**Supplied material:**
====

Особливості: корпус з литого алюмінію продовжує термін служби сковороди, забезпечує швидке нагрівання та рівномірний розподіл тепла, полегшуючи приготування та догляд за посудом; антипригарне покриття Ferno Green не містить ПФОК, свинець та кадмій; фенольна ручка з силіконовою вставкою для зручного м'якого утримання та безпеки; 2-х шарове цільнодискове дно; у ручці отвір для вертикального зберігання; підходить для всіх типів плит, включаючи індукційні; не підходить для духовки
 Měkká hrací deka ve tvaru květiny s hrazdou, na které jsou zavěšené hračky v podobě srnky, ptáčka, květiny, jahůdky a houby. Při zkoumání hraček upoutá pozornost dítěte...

====

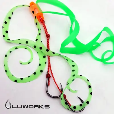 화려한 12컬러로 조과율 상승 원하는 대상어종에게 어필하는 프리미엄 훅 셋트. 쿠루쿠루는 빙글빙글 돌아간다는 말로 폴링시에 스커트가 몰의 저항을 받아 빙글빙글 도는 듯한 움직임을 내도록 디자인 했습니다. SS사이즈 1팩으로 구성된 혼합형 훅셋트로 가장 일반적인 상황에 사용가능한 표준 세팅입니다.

====

**Exercise description:**
The output should be exactly the lines above from the line containing "Особливості: корпус з" to the line containing "Měkká hrací deka", inclusive, with no other lines.

**Task response:**
Особливості: корпус з литого алюмінію продовжує термін служби сковороди, забезпечує швидке нагрівання та рівномірний розподіл тепла, полегшуючи приготування та догляд за посудом; антипригарне покриття Ferno Green не містить ПФОК, свинець та кадмій; фенольна ручка з силіконовою вставкою для зручного м'якого утримання та безпеки; 2-х шарове цільнодискове дно; у ручці отвір для вертикального зберігання; підходить для всіх типів плит, включаючи індукційні; не підходить для духовки
 Měkká hrací deka ve tvaru květiny s hrazdou, na které jsou zavěšené hračky v podobě srnky, ptáčka, květiny, jahůdky a houby. Při zkoumání hraček upoutá pozornost dítěte...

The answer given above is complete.